Posted to user@accumulo.apache.org by Denis <de...@camfex.cz> on 2013/05/25 19:44:10 UTC

TableOperations.getSplits and location information

Hi

Is there any reason why TableOperations.getSplits() does not expose
the location information (the information about tablet-to-tserver
correspondence) ?
It has this information internally and then just drops it.

This information can be useful to perform scans a bit smarter (to
maximize parallelism while avoiding overloading a single tserver) and
it also can be provided to Spark RDD.

Yes, I can call MetadataTable.getEntries() instead of
TableOperations.getSplits(), but, first, this API looks more
'internal' and, second, it needs the copy of credentials, thus making
the credential management a bit complicated.

Re: TableOperations.getSplits and location information

Posted by Christopher <ct...@apache.org>.

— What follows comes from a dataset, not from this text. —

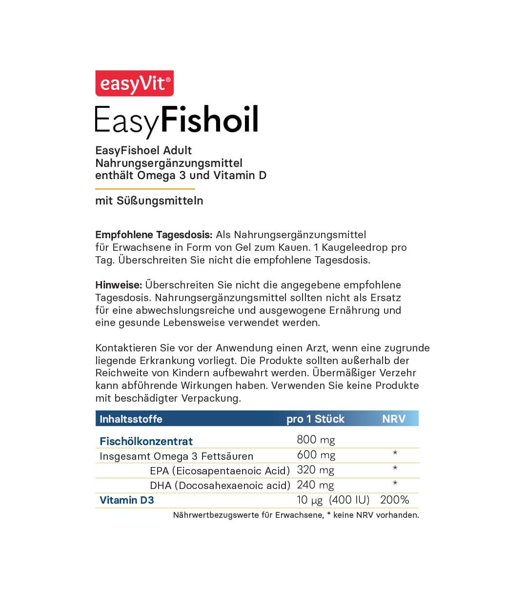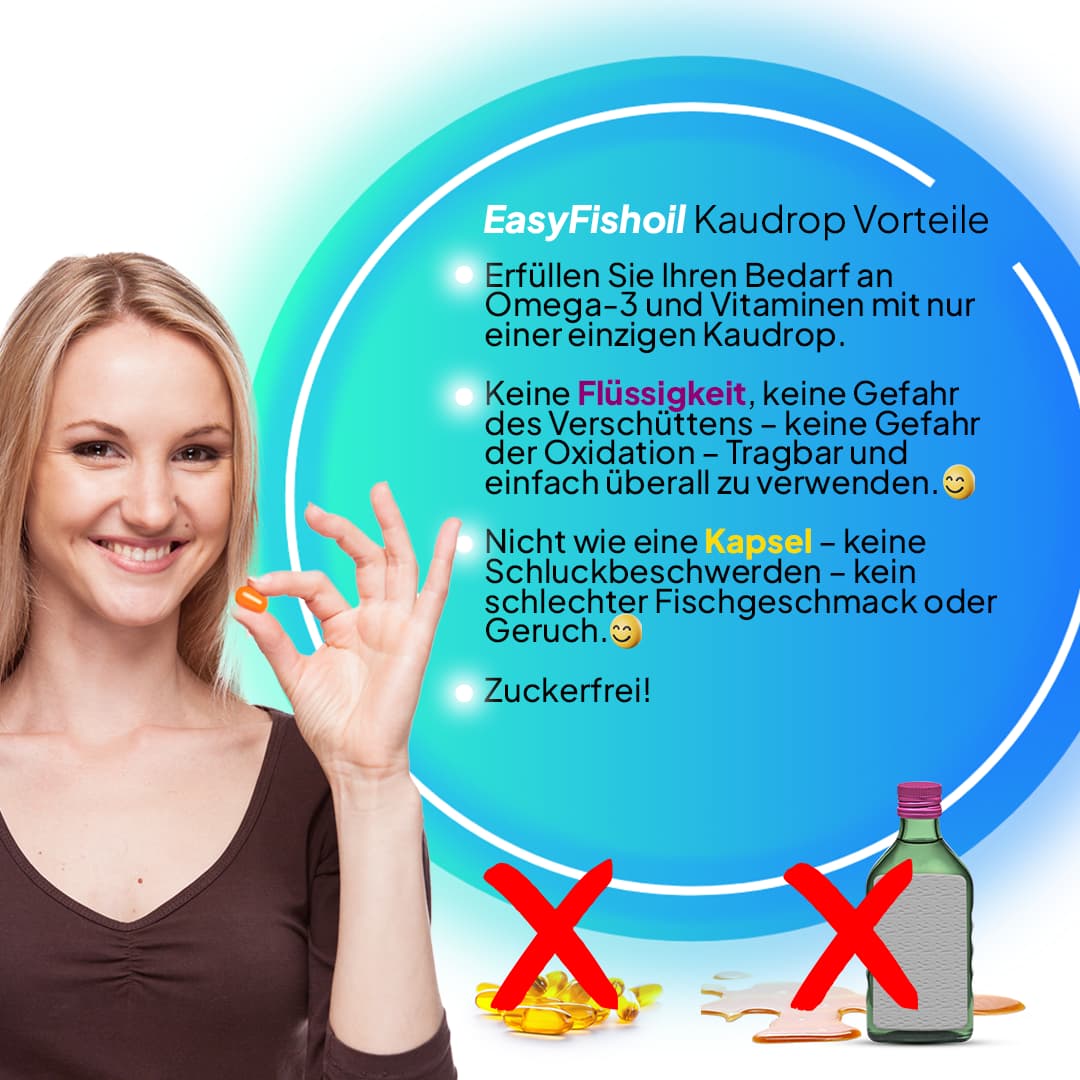 EasyFishoil adult Kaudrops für Erwachsene sind nicht nur lecker, sondern auch vollgepackt mit Omega-3 EPA, DHA und Vitamin D. Diese Nährstoffe sind bekannt dafür, das Immunsystem zu stärken, die Herzgesundheit zu fördern und das allgemeine Wohlbefinden zu unterstützen. Omega-3 EPA und DHA spielen eine wichtige Rolle für die Gesundheit von Herz, Gehirn und Augen, während Vitamin D die Knochengesundheit verbessert und das Immunsystem stärkt. Mit unseren Kaudrops wird die Einnahme dieser wichtigen Nährstoffe zu einem angenehmen und unkomplizierten Erlebnis.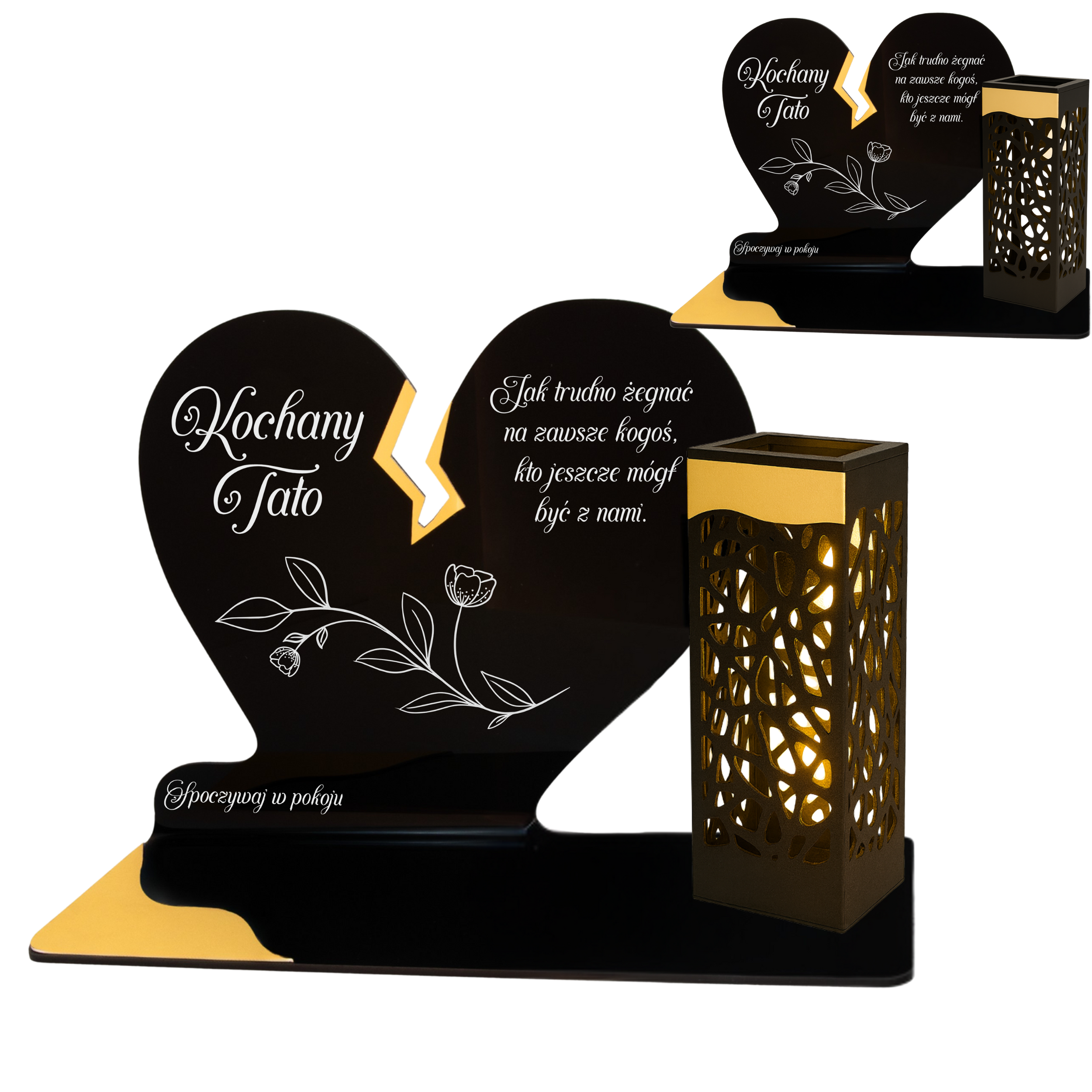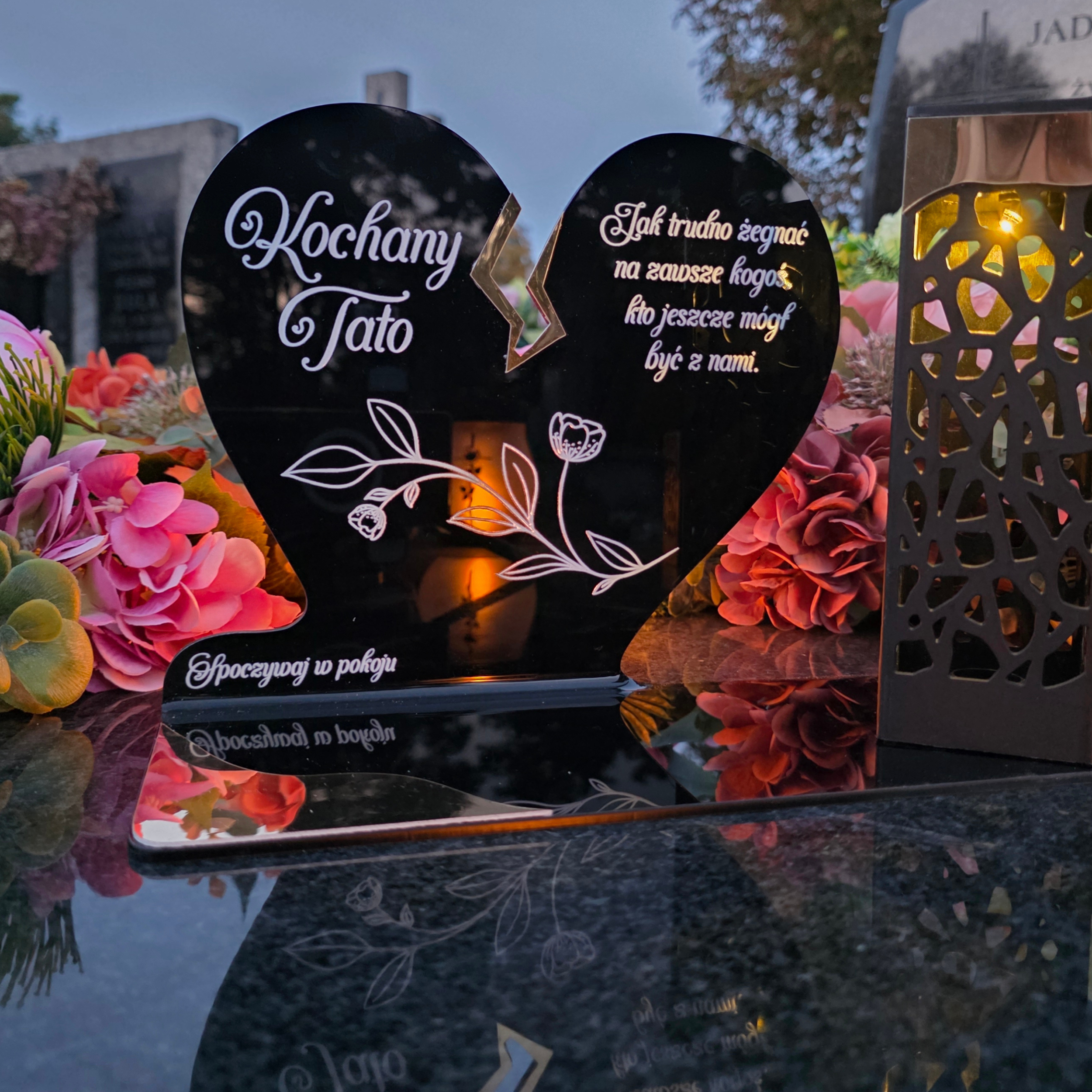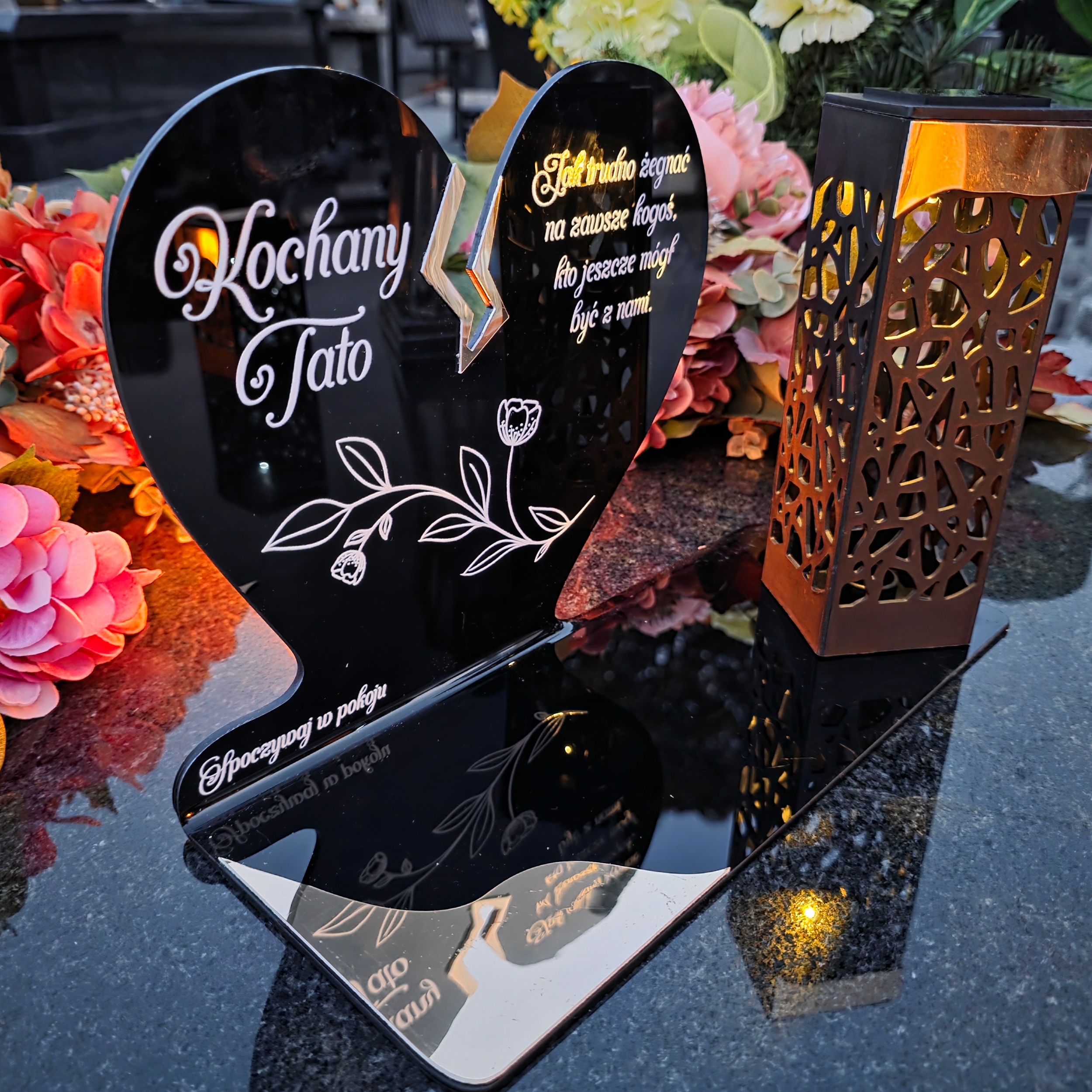 To niezwykła pamiątka łącząca tradycję z nowoczesnością. Zestawienie serca ze złotym akcentem i wysokiej lampki solarnej daje efekt elegancji oraz trwałego blasku pamięci, który rozświetla nagrobek przez cały rok – bez konieczności wymiany wkładów.

Mainly it doesn't because, when the API was added, that was not a
requirement. If another API, to inquire about locality, would be
useful, feel free to create a new feature ticket in JIRA to argue in
favor of such a feature, or submit a patch:
https://issues.apache.org/jira/browse/ACCUMULO

--
Christopher L Tubbs II
http://gravatar.com/ctubbsii


On Sat, May 25, 2013 at 1:44 PM, Denis <de...@camfex.cz> wrote:
> Hi
>
> Is there any reason why TableOperations.getSplits() does not expose
> the location information (the information about tablet-to-tserver
> correspondence) ?
> It has this information internally and then just drops it.
>
> This information can be useful to perform scans a bit smarter (to
> maximize parallelism while avoiding overloading a single tserver) and
> it also can be provided to Spark RDD.
>
> Yes, I can call MetadataTable.getEntries() instead of
> TableOperations.getSplits(), but, first, this API looks more
> 'internal' and, second, it needs the copy of credentials, thus making
> the credential management a bit complicated.